Designing novel functional proteins crucially depends on accurately modeling their fitness landscape. Given the limited availability of functional annotations from wet-lab experiments, previous methods have primarily relied on self-supervised models trained on vast, unlabeled protein sequence or structure datasets. While initial protein representation learning studies solely focused on either sequence or structural features, recent hybrid architectures have sought to merge these modalities to harness their respective strengths. However, these sequence-structure models have so far achieved only incremental improvements when compared to the leading sequence-only approaches, highlighting unresolved challenges effectively leveraging these modalities together. Moreover, the function of certain proteins is highly dependent on the granular aspects of their surface topology, which have been overlooked by prior models. To address these limitations, we introduce the Sequence-Structure-Surface Fitness (S3F) model - a novel multimodal representation learning framework that integrates protein features across several scales. Our approach combines sequence representations from a protein language model with Geometric Vector Perceptron networks encoding protein backbone and detailed surface topology. The proposed method achieves state-of-the-art fitness prediction on the ProteinGym benchmark encompassing 217 substitution deep mutational scanning assays, and provides insights into the determinants of protein function. Our code is at https://github.com/DeepGraphLearning/S3F.

Paper Structure

This paper contains 21 sections, 5 equations, 4 figures, 3 tables.

Figures (4)

  • Figure 1: Multi-scale Pre-training and Inference Frameworks for Protein Fitness Prediction. During pre-training, protein sequences and structures are sampled from a database, with 15% of residue types randomly masked. These sequences are fed into a protein language model, ESM-2-650M. Then, the output residue representations are used to initialize node features in our structure and surface encoders. Through message passing on structure and surface graphs, our methods, S2F (blue) and S3F (green), accurately predict the residue type distribution at each masked position. This distribution is subsequently used for mutation preferences in downstream fitness prediction tasks.
  • Figure 2: Results of ESM-2-650M, S2F, S3F, and S3F-MSA for Analyzing Contributions of Sequences, Structures, Surfaces, and Alignments.(a-d) Breakdown performance (Spearman's rank correlation) on assays grouped by function type (a), MSA depth (b), taxon (c), and mutation depth (d). (e-f) Impact of protein structure quality on performance. (e) Breakdown performance on assays with low, medium, and high-quality structures. (f) Results using five groups of AlphaFold2-predicted structures ranked by pLDDT (0 for the highest pLDDT, 4 for the lowest pLDDT). (g) Results on all assays and out-of-distribution assays with low sequence similarity to the pre-training dataset.
  • Figure 3: Case Study on GB1.(a-c) For each pair of mutation sites, we plot the Spearman's rank correlation between the experimental values and model-predicted scores for all 361 mutations: ESM (a), S2F (b), and S3F (c).

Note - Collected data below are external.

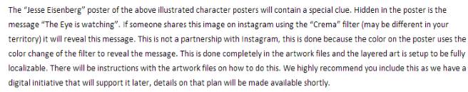杰西·艾森伯格的人物插画中隐藏着一个特殊线索,需要将图片分享到Instagram上使用“Crema”滤镜才能看到。不不,我们真的不是软广,没有!完全!绝对不是!在跟Instagram搞合作,相信我们,这只是一个意外,我们爱死了这个巧合,可是又不得不通过别的软件……算了不解释了,就酱,你们快去看吧。
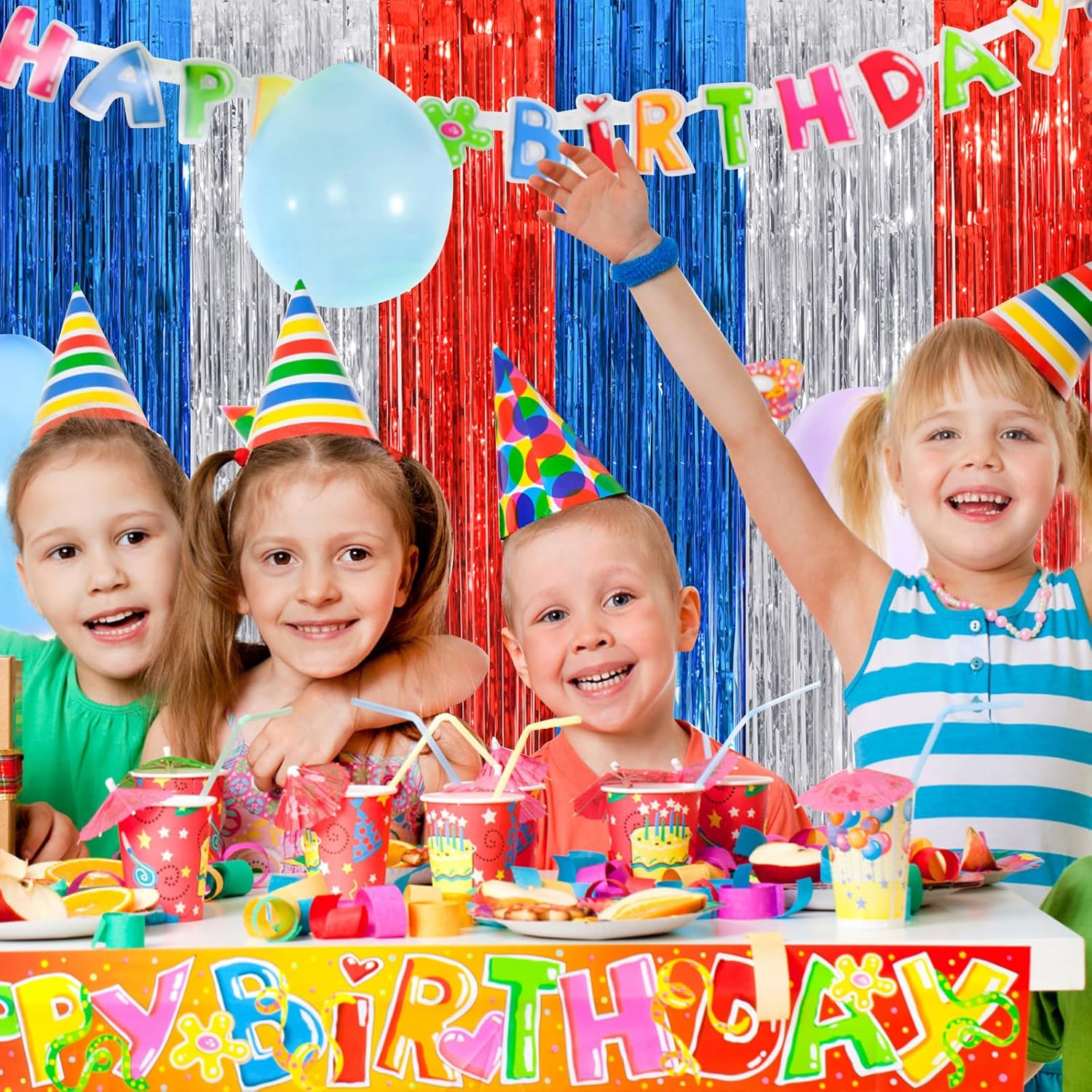 2Pack 3.3 x 8.3Ft Blue Red Silver Foil Fringe Streamers Curtain Metallic Foil Tinsel Fringe Door Streamers for Birthday Wedding Xmas Party Photo Iridescent Blue Streamers Party Decors Streamers
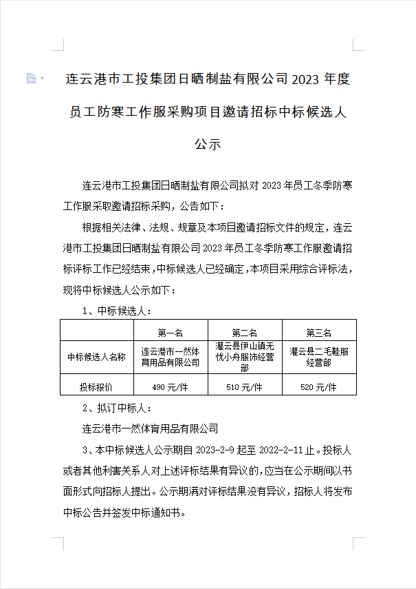 連云港市工投集團日曬制鹽有限公司2023年度員工防寒工作服采購項目邀請招標中標候選人公示
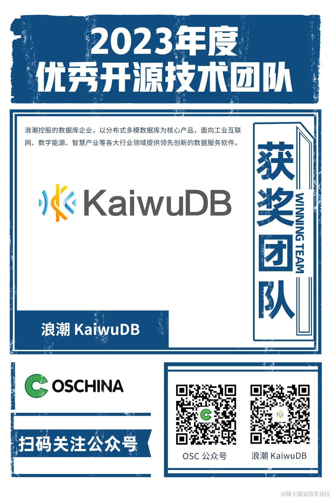 近日,国内知名开源技术社区开源中国(OSCHINA)面向其平台上各大认证官方技术团队、开源社区帐号,结合年度发表的内容深度及广度、开展各种活动运营影响力等多方表现层层筛选,最终 KaiwuDB 获颁 OSCHINA “2023年度优秀开源技术团队” 奖项。
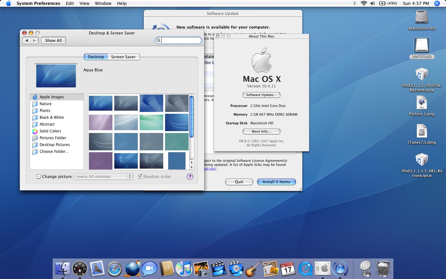 O Mac OS X 10.4.11 é a versão final do sistema operativo Mac OS X Tiger, que Inclui correções gerais do sistema operativo para estabilidade e compatibilidade, atualizações de segurança e a versão do navegador Safari da época. Os principais recursos introduzidos na versão original do Tiger incluem a pesquisa Spotlight, o Dashboard, o iChat AV e o Automator.
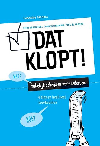 In 'Dat klopt!' vind je 8 concrete tips waarmee je probleemloos duidelijk, efficiënt en klantgericht schrijft. De tips zijn kort en bondig geschreven, zonder theoretisch geneuzel.
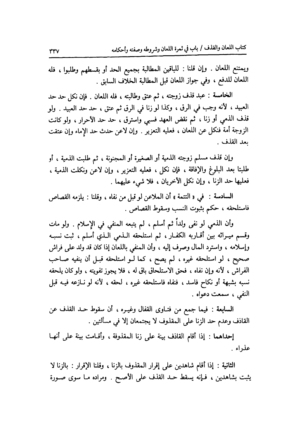 ويمتنع اللعان. وإن قلنا: للباقين المطالبة بجميع الحد أو بقسطهم وطلبوا، فله اللعان للدفع، وفي جواز اللعان قبل المطالبة الخلاف السابق. الخامسة: عبد قذف زوجته، ثم عتق وطالبته، فله اللعان. فإن نكل حد حد العبيد، لانه وجب في الرق، وكذا لو زنا في الرق ثم عتق، حد حد العبيد. ولو قذف الذمي أو زنا، ثم نقض العهد فسبي واسترق، حد حد الاحرار، ولو كانت الزوجة أمة فنكل عن اللعان، فعليه التعزير. وإن لاعن حدت حد الاماء وإن عتقت بعد القذف. وإن قذف مسلم زوجته الذمية أو الصغيرة أو المجنونة، ثم طلبت الذمية، أو طلبتا بعد البلوغ والافاقة، فإن نكل، فعليه التعزير، وإن لاعن ونكلت الذمية، فعليها حد الزنا، وإن نكل الاخريان، فلا شئ عليهما. السادسة: في التتمة أن الملاعن لو قبل من نفاه، وقلنا: يلزمه القصاص فاستلحقه، حكم بثبوت النسب وسقوط القصاص. وأن الذمي لو نفى ولدا ثم أسلم، لم يتبعه المنفي في الاسلام. ولو مات وقسم ميراثه بين أقاربه الكفار، ثم استلحقه الذمي الذي أسلم، ثبت نسبه وإسلامه، واسترد المال وصرف إليه، وأن المنفي باللعان إذا كان قد ولد على فراش صحيح، لو استلحقه غيره، لم يصح، كما لو استلحقه قبل أن ينفيه صاحب الفراش، لانه وإن نفاه، فحق الاستلحاق باق له، فلا يجوز تفويته، ولو كان يلحقه نسبه بشبهة أو نكاح فاسد، فنفاه فاستلحقه غيره، لحقه، لانه لو نازعه فيه قبل النفي، سمعت دعواه. السابعة: فيما جمع من فتاوى القفال وغيره، أن سقوط حد القذف عن القاذف وعدم حد الزنا على المقذوف لا يجتمعان إلا في مسألتين. إحداهما: إذا أقام القاذف بينة على زنا المقذوفة، وأقامت بينة على أنها عذراء. الثانية: إذا أقام شاهدين على إقرار المقذوف بالزنا، وقلنا الاقرار: بالزنا لا يثبت بشاهدين، فإنه يسقط حد القذف على الاصح. ومراده ما سوى صورة

The epistasis between residues 234-252 and residues 266-282 (in the black rectangle) are better captured by S2F and S3F. (d) Visualization of the predicted structure for GB1. Mutation regions 234-252 and 266-282 are highlighted in red and blue, respectively.
  • Figure 4: Spearmanr's rank correlation for ESM-2-650M, S2F, S3F and S3F-MSA on 19 proteins with less than 30% sequence similarity to the pre-training dataset.